• Dataset extract:
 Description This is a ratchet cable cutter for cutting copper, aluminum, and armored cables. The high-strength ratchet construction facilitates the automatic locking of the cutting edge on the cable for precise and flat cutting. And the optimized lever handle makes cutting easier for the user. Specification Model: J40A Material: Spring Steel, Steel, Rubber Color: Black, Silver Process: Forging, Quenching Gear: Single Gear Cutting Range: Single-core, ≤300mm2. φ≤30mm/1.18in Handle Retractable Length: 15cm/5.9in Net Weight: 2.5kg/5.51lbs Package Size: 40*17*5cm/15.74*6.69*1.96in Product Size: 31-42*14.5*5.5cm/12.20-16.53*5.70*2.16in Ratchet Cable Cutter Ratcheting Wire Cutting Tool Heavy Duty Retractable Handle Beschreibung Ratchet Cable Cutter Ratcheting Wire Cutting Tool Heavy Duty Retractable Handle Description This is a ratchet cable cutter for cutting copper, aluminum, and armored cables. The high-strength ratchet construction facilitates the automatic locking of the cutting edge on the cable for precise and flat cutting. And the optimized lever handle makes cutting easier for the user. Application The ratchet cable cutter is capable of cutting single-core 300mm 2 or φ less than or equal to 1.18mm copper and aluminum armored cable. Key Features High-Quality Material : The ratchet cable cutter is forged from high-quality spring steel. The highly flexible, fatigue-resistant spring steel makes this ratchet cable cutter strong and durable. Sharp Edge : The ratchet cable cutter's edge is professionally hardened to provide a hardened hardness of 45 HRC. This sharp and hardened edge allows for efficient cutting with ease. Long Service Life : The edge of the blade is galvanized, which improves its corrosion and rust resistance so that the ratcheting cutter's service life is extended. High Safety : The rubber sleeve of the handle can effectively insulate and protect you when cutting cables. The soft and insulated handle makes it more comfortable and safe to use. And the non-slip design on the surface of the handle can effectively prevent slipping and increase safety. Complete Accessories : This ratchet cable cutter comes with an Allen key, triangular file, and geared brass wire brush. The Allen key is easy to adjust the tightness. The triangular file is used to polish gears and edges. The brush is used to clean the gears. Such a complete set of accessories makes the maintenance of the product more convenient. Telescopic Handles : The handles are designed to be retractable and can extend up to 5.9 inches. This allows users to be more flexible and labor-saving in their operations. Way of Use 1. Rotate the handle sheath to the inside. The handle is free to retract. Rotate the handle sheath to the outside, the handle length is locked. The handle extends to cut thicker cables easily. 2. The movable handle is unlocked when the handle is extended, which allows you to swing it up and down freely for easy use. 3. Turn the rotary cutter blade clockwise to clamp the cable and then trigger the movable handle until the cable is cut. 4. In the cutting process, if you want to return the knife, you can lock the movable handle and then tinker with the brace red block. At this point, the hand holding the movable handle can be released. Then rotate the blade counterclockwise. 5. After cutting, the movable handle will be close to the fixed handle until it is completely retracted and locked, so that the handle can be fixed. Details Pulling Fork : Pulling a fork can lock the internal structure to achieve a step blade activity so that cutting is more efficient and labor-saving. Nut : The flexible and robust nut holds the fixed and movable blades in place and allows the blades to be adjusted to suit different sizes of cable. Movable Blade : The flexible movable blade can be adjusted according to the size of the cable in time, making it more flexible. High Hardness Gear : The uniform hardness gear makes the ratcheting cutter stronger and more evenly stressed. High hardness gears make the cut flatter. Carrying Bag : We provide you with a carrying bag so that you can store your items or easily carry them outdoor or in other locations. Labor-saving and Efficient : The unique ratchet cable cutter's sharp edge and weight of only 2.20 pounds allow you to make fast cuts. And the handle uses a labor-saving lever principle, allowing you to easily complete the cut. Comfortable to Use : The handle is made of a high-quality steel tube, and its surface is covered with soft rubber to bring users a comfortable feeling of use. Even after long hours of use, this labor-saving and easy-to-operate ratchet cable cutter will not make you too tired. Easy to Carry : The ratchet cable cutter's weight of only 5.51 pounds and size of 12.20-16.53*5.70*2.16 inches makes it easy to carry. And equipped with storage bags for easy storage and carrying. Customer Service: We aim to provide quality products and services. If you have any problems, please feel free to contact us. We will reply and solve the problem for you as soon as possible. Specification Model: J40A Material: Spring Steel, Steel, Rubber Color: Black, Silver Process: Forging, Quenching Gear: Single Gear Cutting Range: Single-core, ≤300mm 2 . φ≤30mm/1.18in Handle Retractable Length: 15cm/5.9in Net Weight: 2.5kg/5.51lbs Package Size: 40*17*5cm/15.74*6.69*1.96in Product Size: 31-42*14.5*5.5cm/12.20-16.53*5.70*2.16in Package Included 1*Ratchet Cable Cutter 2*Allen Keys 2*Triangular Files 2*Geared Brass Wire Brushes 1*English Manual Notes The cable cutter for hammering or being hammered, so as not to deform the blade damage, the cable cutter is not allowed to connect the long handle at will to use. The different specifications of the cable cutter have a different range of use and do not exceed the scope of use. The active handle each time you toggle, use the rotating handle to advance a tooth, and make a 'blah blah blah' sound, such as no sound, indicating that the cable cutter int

---

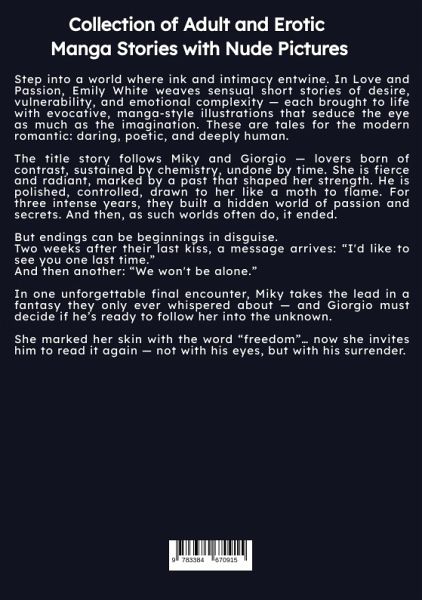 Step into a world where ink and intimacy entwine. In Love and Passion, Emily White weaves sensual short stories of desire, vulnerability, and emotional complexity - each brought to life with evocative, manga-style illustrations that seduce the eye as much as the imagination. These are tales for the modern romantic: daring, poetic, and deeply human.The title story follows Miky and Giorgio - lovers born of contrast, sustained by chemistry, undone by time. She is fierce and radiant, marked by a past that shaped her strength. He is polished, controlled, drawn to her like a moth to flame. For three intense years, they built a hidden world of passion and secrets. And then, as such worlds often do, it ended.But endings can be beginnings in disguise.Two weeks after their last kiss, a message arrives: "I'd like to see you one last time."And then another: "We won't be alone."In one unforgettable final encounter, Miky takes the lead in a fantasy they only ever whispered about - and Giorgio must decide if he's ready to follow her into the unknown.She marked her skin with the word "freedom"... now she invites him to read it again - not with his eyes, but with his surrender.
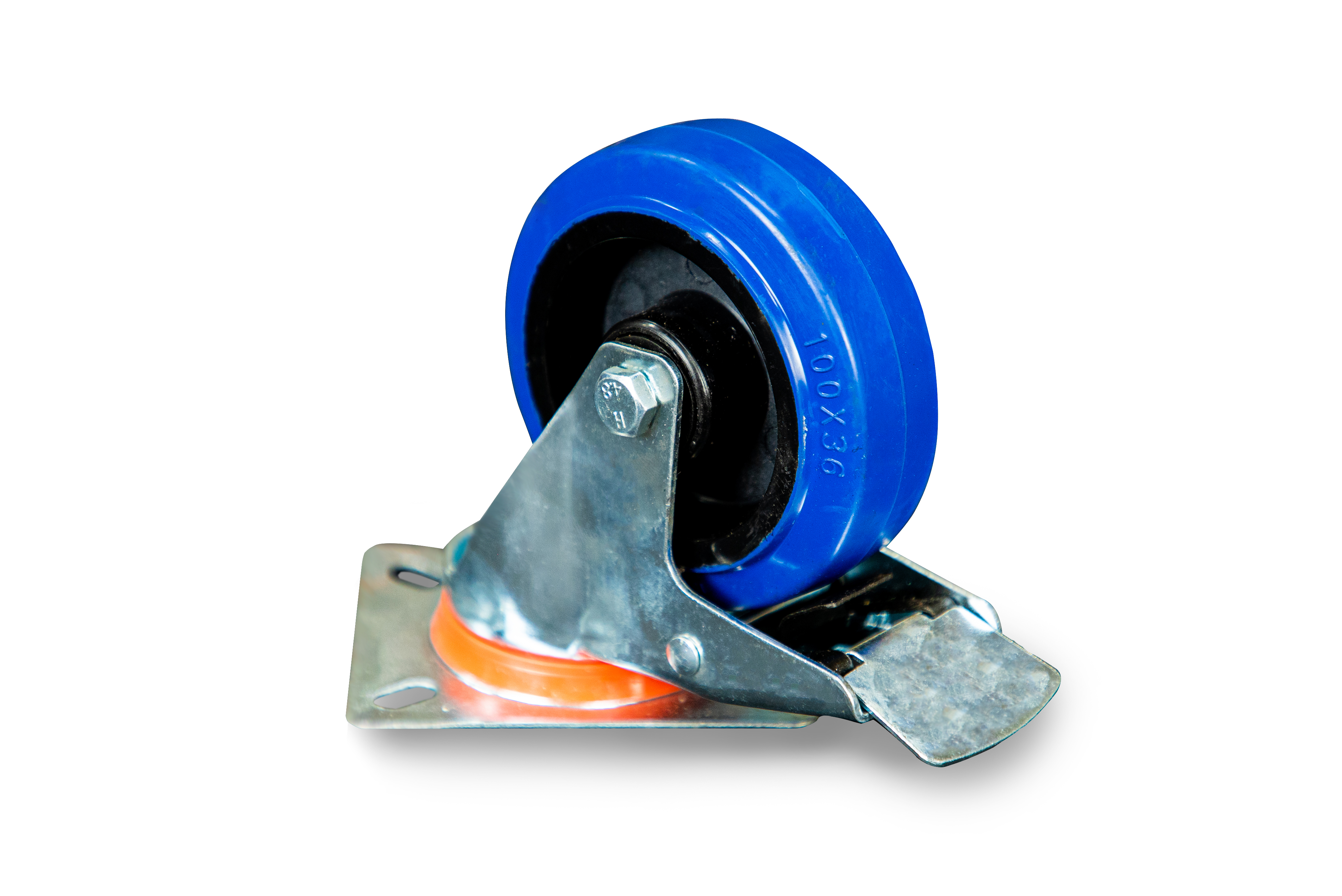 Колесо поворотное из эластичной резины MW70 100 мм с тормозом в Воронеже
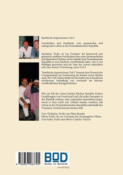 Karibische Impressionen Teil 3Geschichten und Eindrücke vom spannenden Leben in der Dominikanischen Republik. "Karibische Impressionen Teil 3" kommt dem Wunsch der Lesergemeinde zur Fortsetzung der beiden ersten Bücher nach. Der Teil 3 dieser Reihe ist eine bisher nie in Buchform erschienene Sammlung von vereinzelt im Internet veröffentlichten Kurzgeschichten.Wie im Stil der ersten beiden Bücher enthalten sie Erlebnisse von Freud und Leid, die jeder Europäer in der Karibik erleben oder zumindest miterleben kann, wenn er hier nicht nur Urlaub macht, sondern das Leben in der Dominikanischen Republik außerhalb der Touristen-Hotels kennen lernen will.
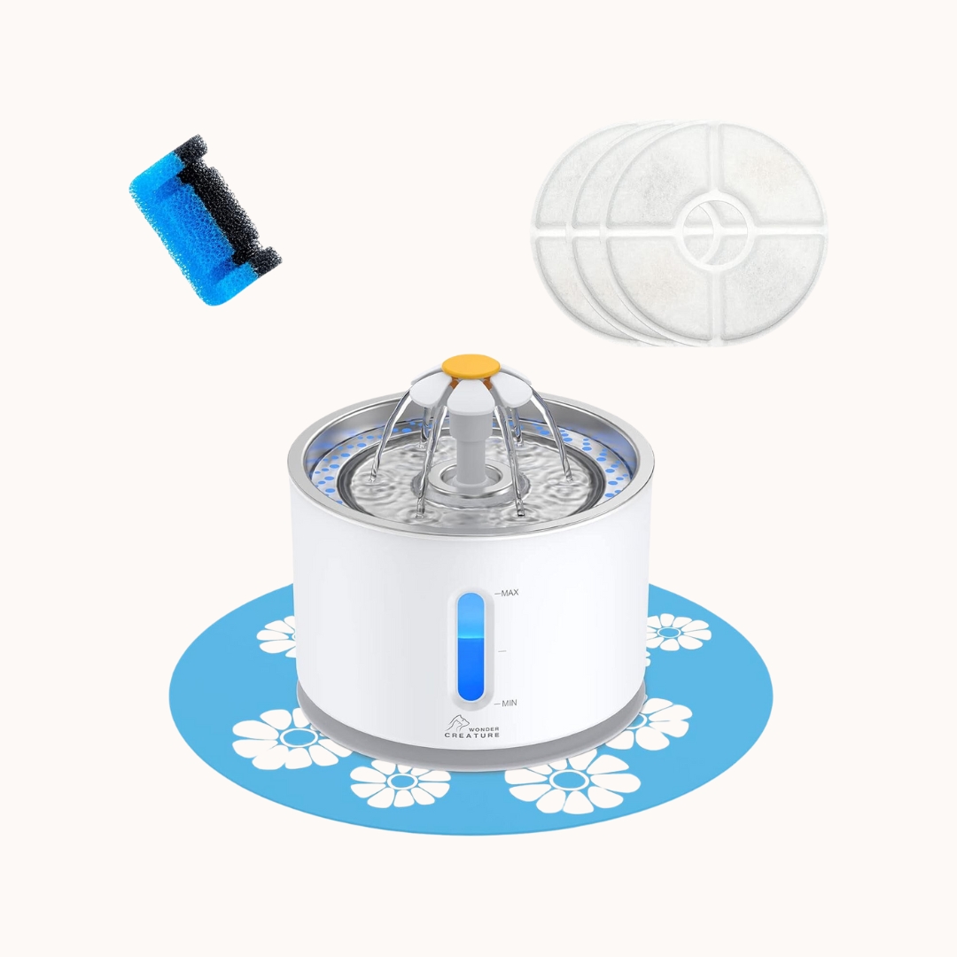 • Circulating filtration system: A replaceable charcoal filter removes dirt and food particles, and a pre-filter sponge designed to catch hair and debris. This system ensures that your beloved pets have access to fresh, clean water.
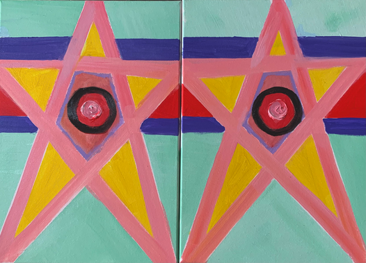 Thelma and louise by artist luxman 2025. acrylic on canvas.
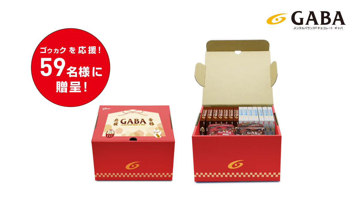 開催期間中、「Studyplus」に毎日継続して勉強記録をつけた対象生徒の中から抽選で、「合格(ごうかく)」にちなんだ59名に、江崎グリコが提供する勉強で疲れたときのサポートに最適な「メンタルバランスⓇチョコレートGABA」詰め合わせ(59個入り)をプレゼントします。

• Assigned task:
Repeat exactly the lines above, from the line that contains "Колесо поворотное из" down through the line that contains "Karibische Impressionen Teil 3Geschichten". Include both of those lines and none of the pictures.

• Expected answer:
 Колесо поворотное из эластичной резины MW70 100 мм с тормозом в Воронеже
 Karibische Impressionen Teil 3Geschichten und Eindrücke vom spannenden Leben in der Dominikanischen Republik. "Karibische Impressionen Teil 3" kommt dem Wunsch der Lesergemeinde zur Fortsetzung der beiden ersten Bücher nach. Der Teil 3 dieser Reihe ist eine bisher nie in Buchform erschienene Sammlung von vereinzelt im Internet veröffentlichten Kurzgeschichten.Wie im Stil der ersten beiden Bücher enthalten sie Erlebnisse von Freud und Leid, die jeder Europäer in der Karibik erleben oder zumindest miterleben kann, wenn er hier nicht nur Urlaub macht, sondern das Leben in der Dominikanischen Republik außerhalb der Touristen-Hotels kennen lernen will.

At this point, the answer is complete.